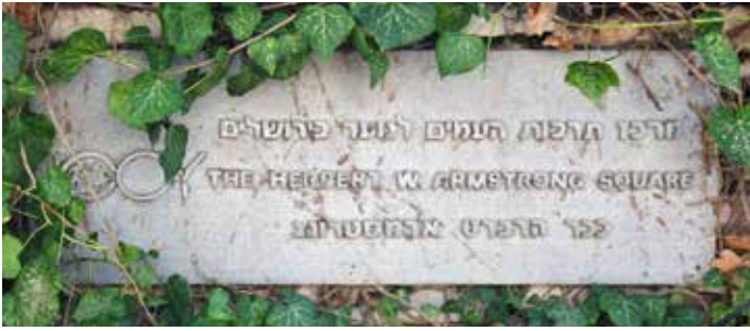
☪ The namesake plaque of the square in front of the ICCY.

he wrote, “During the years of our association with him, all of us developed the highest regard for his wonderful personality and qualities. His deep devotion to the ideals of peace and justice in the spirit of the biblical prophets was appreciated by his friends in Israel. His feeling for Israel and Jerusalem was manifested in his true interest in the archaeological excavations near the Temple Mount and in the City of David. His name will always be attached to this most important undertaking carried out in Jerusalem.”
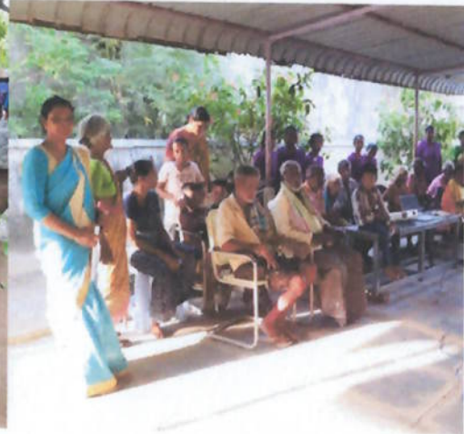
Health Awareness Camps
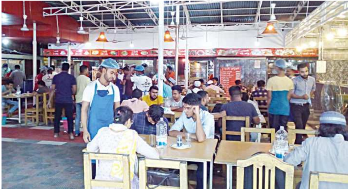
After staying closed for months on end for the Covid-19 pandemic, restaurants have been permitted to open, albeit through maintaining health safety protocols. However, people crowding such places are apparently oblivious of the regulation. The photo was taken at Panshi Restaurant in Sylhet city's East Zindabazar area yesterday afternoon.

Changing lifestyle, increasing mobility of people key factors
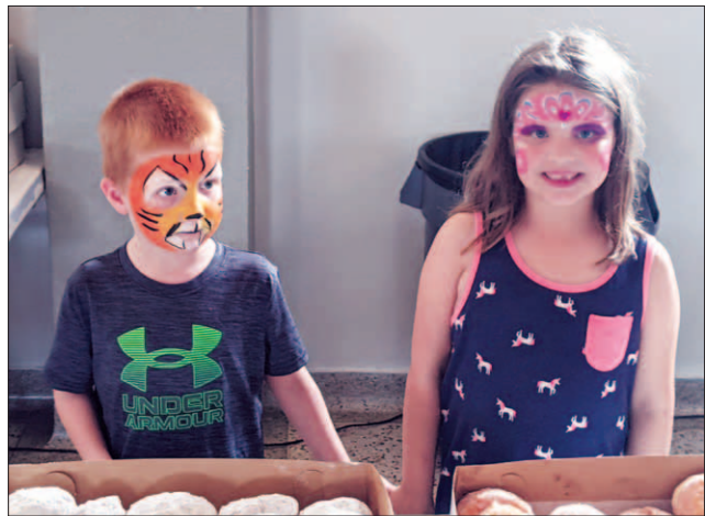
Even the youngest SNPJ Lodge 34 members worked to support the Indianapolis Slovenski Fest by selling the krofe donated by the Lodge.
● ● ● ●
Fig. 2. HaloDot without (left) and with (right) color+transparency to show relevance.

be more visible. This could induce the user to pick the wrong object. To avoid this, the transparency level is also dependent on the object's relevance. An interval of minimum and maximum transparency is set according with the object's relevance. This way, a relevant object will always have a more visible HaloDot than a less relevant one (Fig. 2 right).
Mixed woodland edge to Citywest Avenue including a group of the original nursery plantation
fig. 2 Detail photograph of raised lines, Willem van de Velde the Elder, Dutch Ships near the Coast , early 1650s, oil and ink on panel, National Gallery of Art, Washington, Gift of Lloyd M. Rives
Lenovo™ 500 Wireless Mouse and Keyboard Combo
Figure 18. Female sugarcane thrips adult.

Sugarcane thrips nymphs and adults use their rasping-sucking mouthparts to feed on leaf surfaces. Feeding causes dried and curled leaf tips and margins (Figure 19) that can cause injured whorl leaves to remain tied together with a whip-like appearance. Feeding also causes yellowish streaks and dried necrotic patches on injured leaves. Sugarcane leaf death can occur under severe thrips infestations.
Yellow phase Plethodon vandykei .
● ● ● ●
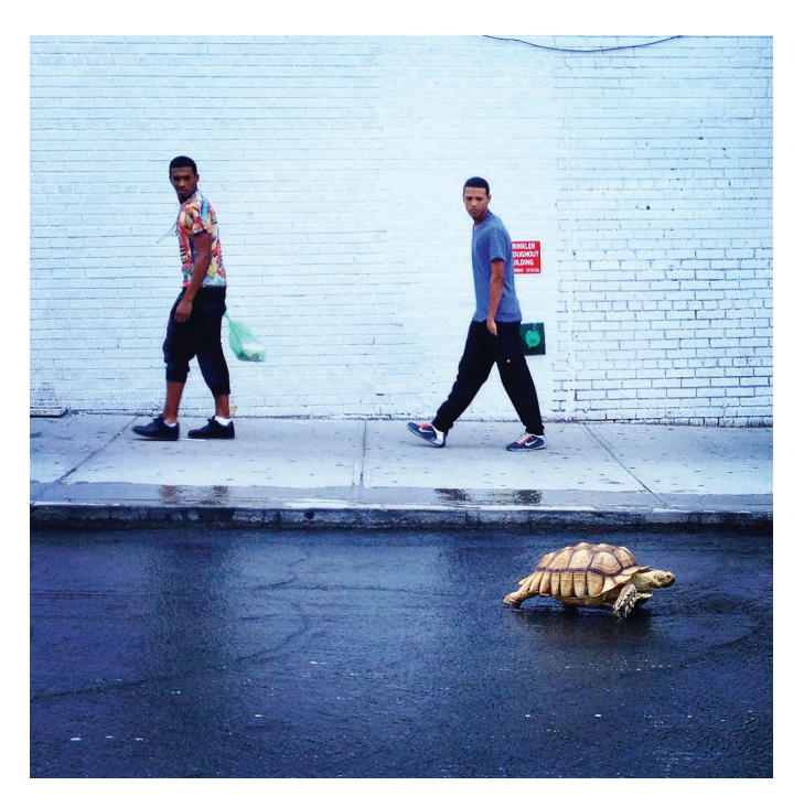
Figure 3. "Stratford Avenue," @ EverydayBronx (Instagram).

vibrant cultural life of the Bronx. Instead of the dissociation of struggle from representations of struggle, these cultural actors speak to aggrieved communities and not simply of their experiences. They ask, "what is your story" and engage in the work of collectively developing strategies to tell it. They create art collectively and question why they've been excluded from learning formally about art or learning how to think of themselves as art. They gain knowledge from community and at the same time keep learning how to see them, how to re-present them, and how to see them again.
● ● ● ●
→ **Work to be completed**: Read the entries and select each line where the word "Avenue" is found.

→ **Answer box**:
Mixed woodland edge to Citywest Avenue including a group of the original nursery plantation
Figure 3. "Stratford Avenue," @ EverydayBronx (Instagram).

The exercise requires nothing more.